## [Task to carry out]
Stop after the line that contains "4,500원을 추가하면 탄산음료". Until then, retype each line of the entries exactly from the first one, skipping pictures.

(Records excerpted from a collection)
*-*-*
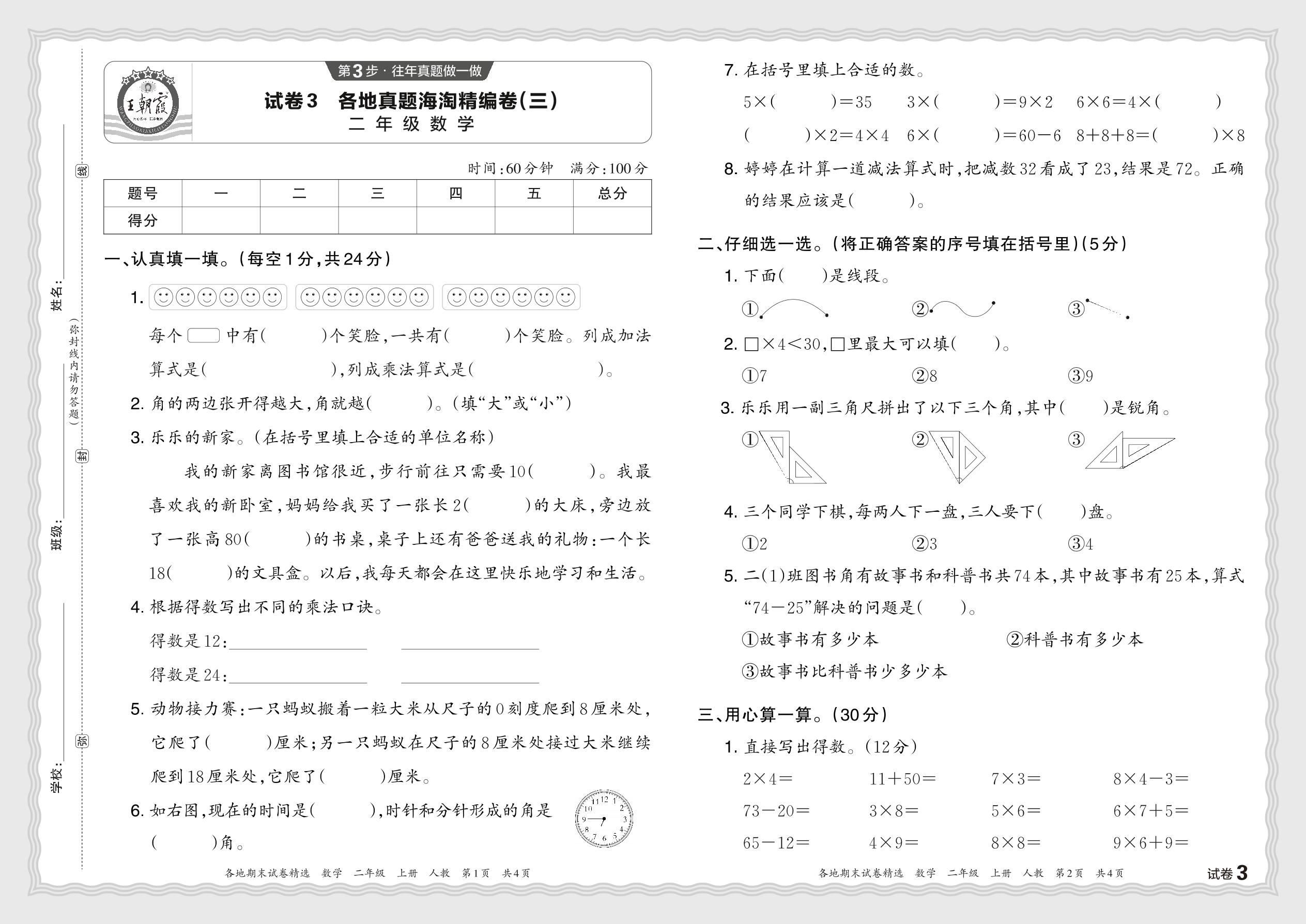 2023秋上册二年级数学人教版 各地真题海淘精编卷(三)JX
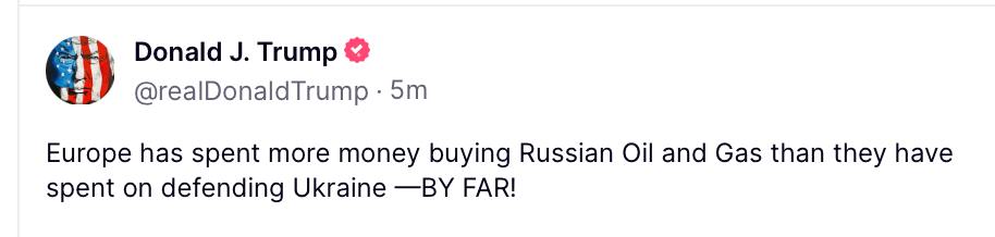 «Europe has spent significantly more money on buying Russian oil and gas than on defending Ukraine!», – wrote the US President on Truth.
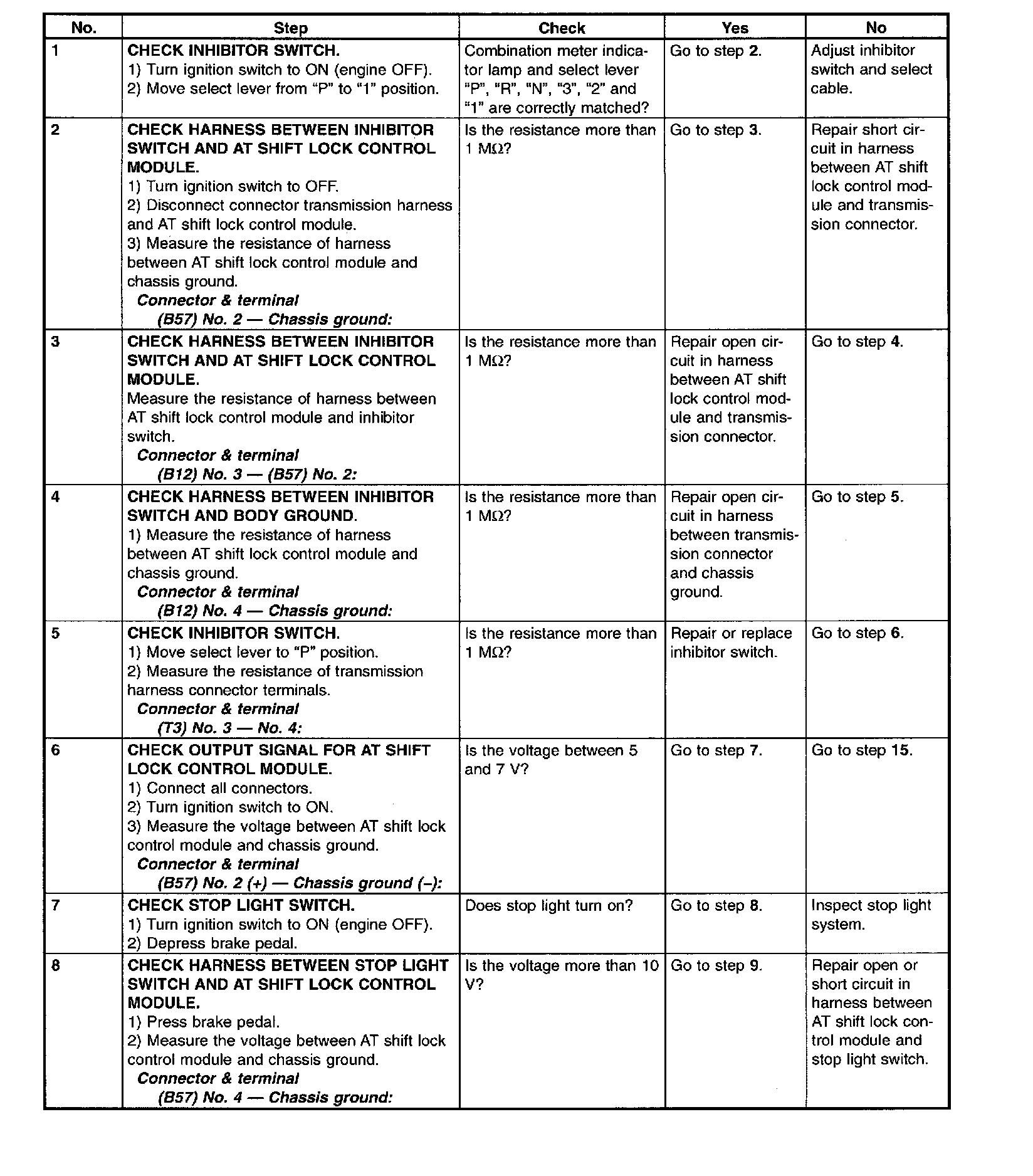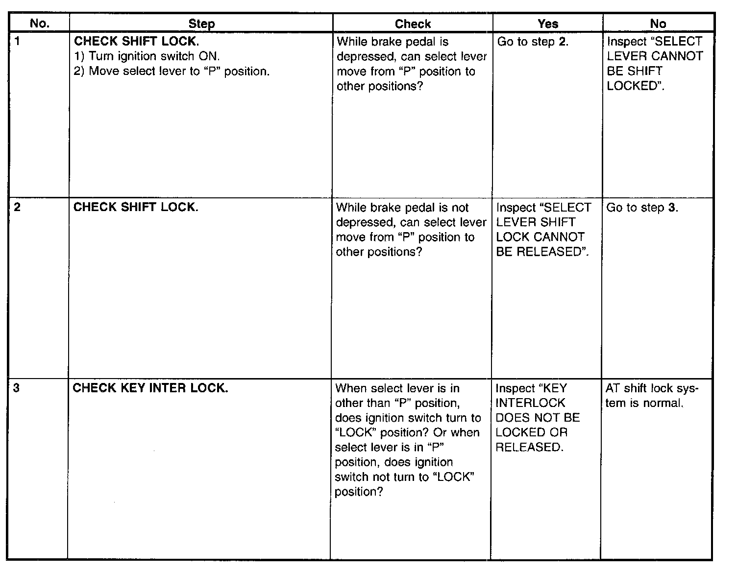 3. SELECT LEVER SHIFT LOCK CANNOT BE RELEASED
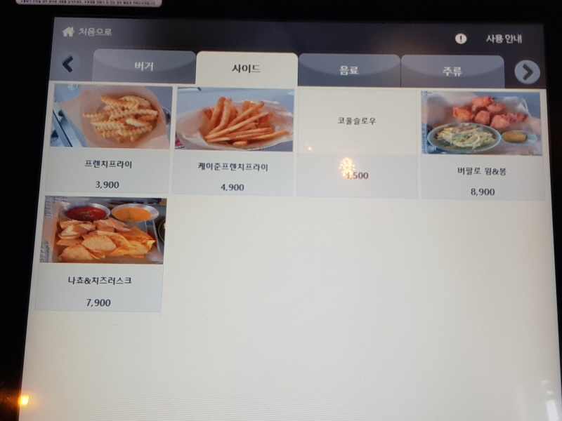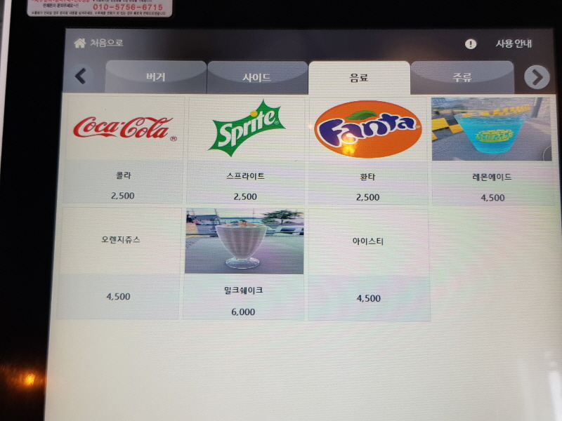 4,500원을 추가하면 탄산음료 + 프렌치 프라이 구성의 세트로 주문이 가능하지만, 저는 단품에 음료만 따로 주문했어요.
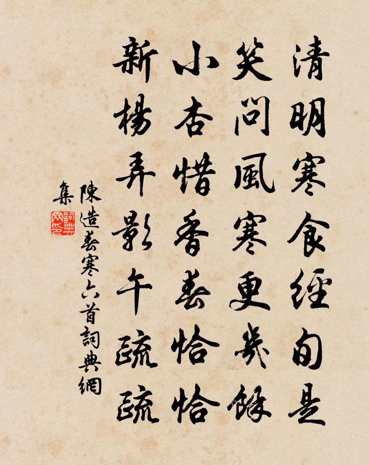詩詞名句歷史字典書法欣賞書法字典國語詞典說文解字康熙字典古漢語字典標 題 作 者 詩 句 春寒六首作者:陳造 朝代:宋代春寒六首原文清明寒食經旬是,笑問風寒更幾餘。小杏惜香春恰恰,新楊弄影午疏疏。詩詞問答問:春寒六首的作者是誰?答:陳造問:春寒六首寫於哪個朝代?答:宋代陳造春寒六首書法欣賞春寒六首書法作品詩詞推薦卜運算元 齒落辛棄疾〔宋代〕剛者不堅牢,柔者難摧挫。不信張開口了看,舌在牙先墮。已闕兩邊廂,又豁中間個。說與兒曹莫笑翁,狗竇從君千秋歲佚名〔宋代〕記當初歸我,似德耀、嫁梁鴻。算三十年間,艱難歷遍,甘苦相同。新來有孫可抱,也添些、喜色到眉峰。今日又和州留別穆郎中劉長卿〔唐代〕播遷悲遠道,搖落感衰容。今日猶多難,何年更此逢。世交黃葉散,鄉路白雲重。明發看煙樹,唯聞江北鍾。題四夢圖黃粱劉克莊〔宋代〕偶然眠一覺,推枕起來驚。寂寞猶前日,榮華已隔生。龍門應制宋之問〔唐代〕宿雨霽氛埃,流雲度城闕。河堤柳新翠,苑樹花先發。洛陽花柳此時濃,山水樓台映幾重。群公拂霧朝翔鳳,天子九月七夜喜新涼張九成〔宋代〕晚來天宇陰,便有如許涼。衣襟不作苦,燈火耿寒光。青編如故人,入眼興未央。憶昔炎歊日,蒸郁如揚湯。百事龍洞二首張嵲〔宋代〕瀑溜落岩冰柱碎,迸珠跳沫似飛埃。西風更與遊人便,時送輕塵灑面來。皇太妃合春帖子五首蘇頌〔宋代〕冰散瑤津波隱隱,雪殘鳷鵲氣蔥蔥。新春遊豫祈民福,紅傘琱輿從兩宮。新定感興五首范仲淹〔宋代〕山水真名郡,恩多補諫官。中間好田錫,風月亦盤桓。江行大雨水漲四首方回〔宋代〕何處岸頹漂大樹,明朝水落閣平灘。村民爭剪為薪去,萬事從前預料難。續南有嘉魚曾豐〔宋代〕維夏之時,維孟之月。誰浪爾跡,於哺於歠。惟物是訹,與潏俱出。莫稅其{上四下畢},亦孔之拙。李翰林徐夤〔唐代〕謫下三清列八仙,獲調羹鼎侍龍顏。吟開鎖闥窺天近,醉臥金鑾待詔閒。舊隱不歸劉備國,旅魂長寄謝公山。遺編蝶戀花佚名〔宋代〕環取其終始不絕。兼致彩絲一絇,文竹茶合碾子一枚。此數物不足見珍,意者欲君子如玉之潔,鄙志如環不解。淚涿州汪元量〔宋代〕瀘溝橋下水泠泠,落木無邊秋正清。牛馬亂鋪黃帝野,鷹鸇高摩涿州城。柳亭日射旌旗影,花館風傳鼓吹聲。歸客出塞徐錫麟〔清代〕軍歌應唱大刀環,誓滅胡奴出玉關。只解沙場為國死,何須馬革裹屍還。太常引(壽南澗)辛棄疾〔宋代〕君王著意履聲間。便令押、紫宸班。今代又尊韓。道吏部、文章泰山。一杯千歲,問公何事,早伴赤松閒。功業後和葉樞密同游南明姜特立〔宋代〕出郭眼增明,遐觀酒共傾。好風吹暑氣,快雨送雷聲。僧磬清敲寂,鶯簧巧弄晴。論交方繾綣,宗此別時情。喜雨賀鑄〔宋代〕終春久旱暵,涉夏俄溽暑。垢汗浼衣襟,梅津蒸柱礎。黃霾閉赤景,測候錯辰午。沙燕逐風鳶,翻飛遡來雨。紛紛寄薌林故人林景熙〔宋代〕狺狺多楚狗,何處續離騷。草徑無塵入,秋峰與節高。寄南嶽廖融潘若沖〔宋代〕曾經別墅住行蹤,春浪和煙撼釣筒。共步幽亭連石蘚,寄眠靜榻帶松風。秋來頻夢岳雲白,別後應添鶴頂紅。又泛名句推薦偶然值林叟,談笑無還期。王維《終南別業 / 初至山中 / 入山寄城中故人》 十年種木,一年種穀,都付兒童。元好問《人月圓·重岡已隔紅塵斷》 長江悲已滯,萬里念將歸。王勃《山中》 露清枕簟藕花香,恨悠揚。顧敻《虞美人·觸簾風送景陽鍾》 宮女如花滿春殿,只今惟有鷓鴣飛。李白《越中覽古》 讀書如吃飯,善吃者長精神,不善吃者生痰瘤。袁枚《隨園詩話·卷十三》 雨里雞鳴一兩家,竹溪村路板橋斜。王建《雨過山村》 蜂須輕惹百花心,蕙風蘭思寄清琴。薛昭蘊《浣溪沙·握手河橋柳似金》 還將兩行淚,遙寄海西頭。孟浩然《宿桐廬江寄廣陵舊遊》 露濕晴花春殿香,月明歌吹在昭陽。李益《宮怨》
*-*-*
## [Exercise answer]
 2023秋上册二年级数学人教版 各地真题海淘精编卷(三)JX
 «Europe has spent significantly more money on buying Russian oil and gas than on defending Ukraine!», – wrote the US President on Truth.
 3. SELECT LEVER SHIFT LOCK CANNOT BE RELEASED
 4,500원을 추가하면 탄산음료 + 프렌치 프라이 구성의 세트로 주문이 가능하지만, 저는 단품에 음료만 따로 주문했어요.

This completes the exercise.